Ces dernières années, il y a eu pour cette maladie une bonne nouvelle et une
mauvaise nouvelle. « La bonne, insiste le docteur Edouard Bingen, chef du
service de microbiologie de l'hôpital Robert-Debré (Paris), spécialisé en
pédiatrie, c'est la réduction d'un facteur huit à neuf du nombre des méningites
à Hæmophilus influenzæ, grâce à la mise en place de la vaccination introduite
à partir de 1992. C'était la première cause de méningite entre trois mois et
trois ans. »
La mauvaise vient des méningites à pneumocoque. « Des trois méningites les
plus fréquentes, ce sont les plus graves, avec une mortalité de 30 % et des
risques de destruction du cerveau, rappelle le professeur Bruno Hoen, du
service de médecine interne du CHU Nancy-Brabois (Meurthe-et-Moselle).
Cela impose d'améliorer les prodédures de réanimation. » Une question
d'autant plus importante que se développent des phénomènes de résistance
chez le pneumocoque.
Pour l'instant, l'arsenal des antibiotiques actuels suffit. Mais « un progrès
majeur pourrait être accompli, estime le docteur Bingen, avec le nouveau
vaccin antipneumococcique, attendu, en principe, pour cette année. Le vaccin
existant ne protège pas les enfants de moins de deux ans. La nouvelle forme
de vaccin contre les principaux sérotypes de pneumocoque conjugué avec
une protéine permettrait de les immuniser. Il servirait aussi face aux autres
pathologies dues au pneumocoque. »
Paul Benkimoun
Les protections du système nerveux central
Le système nerveux central cerveau et moelle épinière est séparé du reste
du corps et du sang circulant par une « barrière » dite hémato-méningée ou
hémato-encéphalique. Cette séparation remplit une double fonction de
protection et d'échange. Le rôle de protection mécanique est joué par trois
membranes appelées collectivement les méninges : la pie-mère, la dure-mère
et l'arachnoïde. Des échanges, régulés par cette barrière, se font entre le
sang et le liquide céphalo-rachidien présent dans les cavités du cerveau et
autour de la moelle épinière. Ils ont lieu au niveau de petits organes appelés
les plexus choroïdes. Les virus et les bactéries peuvent infecter le système
nerveux à partir du sang en traversant cette barrière hémato-encéphalique. Ils
peuvent pénétrer dans le cerveau, soit au niveau des plexus choroïdes, soit
au niveau des cellules endothéliales, qui bordent les vaisseaux capillaires
irriguant le système nerveux central.
Les éléments d'orientation
L'âge. Il oriente fortement les présomptions sur les agents infectieux
possibles. Chez le nourrisson de moins de vingt-huit jours, voire jusqu'à trois
mois, les bactéries le plus souvent en cause sont le streptocoque du
groupe B, les entérobactéries et la listeria. Entre trois mois et deux ans, le
pneumocoque et le méningocoque sont le plus souvent impliqués ;
Hæmophilus influenzae de type B était le principal responsable de ces
méningites avant l'introduc- tion de la vaccination. Après deux ans, c'est le
méningocoque qui est le germe le plus probable. Entre cinq ans et l'âge
adulte, trois germes se partagent la responsabilité de la plupart des cas de
méningite : le pneumocoque, le méningocoque et la listeria ( Listeria
monocytogenes). Chez le sujet de plus de cinquante ans, la listeria, le
pneumocoque, le streptocoque du groupe A et Hæmophilus influenzae sont le
plus souvent retrouvés.
Le contexte. Un alcoolisme, des antécédents de traumatisme crânien, de
méningite, une altération des défenses immunitaires (infection à VIH, etc.), un
coma ou des convulsions sont en faveur d'une méningite à pneumocoque.

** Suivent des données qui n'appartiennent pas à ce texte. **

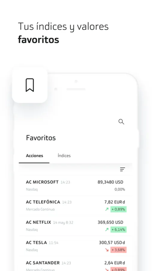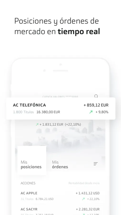 Puedes utilizar la aplicación conectándote como cliente de Bankinter con tus mismas claves que para el Broker actual. Podrás obtener la información de valores en tiempo real* (de acuerdo con tu perfil de usuario de broker y suscripción del servicio de tiempo real), hacer seguimiento de tus cuentas de valores y operar en valores nacionales e internacionales.
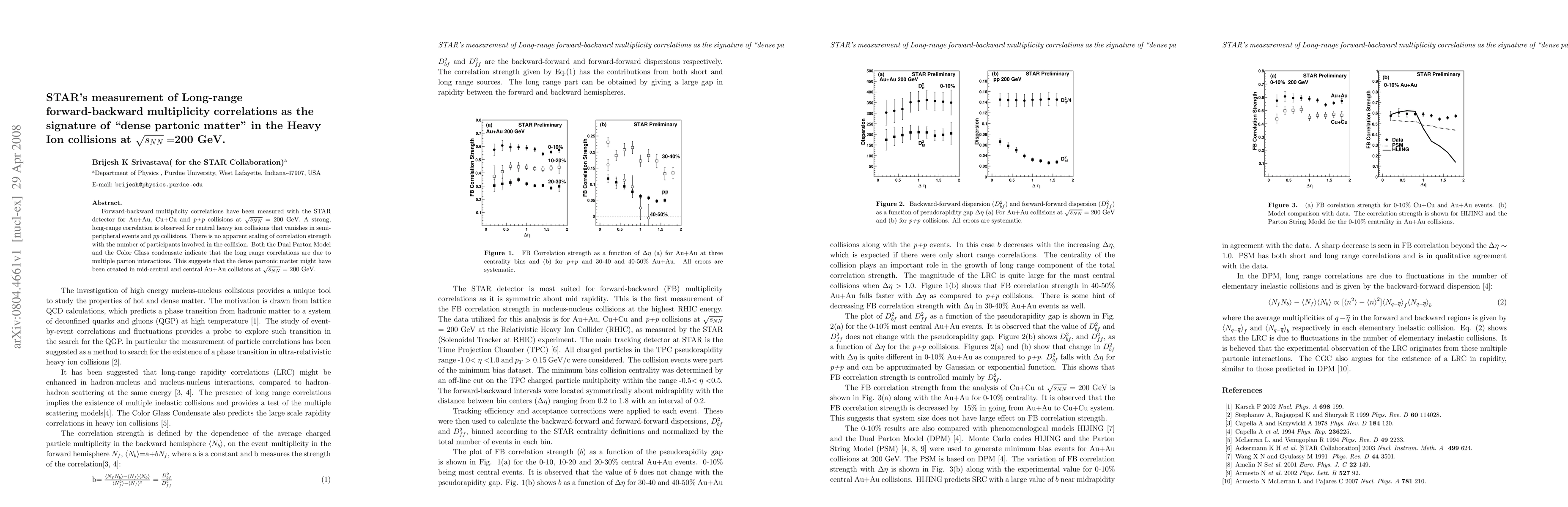 The STAR experiment observed strong long-range forward-backward multiplicity correlations in central heavy ion collisions at 200 GeV, indicating the presence of dense partonic matter, while these correlations are absent in semi-peripheral events and proton-proton collisions. The findings suggest multiple parton interactions as the underlying mechanism.

La notion d'une épidémie, un purpura (apparition de taches rouges en forme
de points ou d'ecchymoses), la saison hivernale plaident pour une méningite
à méningocoque.
La notion d'une épidémie, la grossesse, une dépression des défenses
immunitaires militent pour une méningite à listériose. L'absence de
vaccination contre Hæmophilus influenzae et l'association d'une otite et d'une
conjonctivite font suspecter cette bactérie.
La notion d'un contact avec une personne atteinte de tuberculose ou d'un
antécédent de tuberculose pulmonaire, un patient immigré ou sous
corticothérapie ou infecté par le VIH font évoquer une méningite tuberculeuse.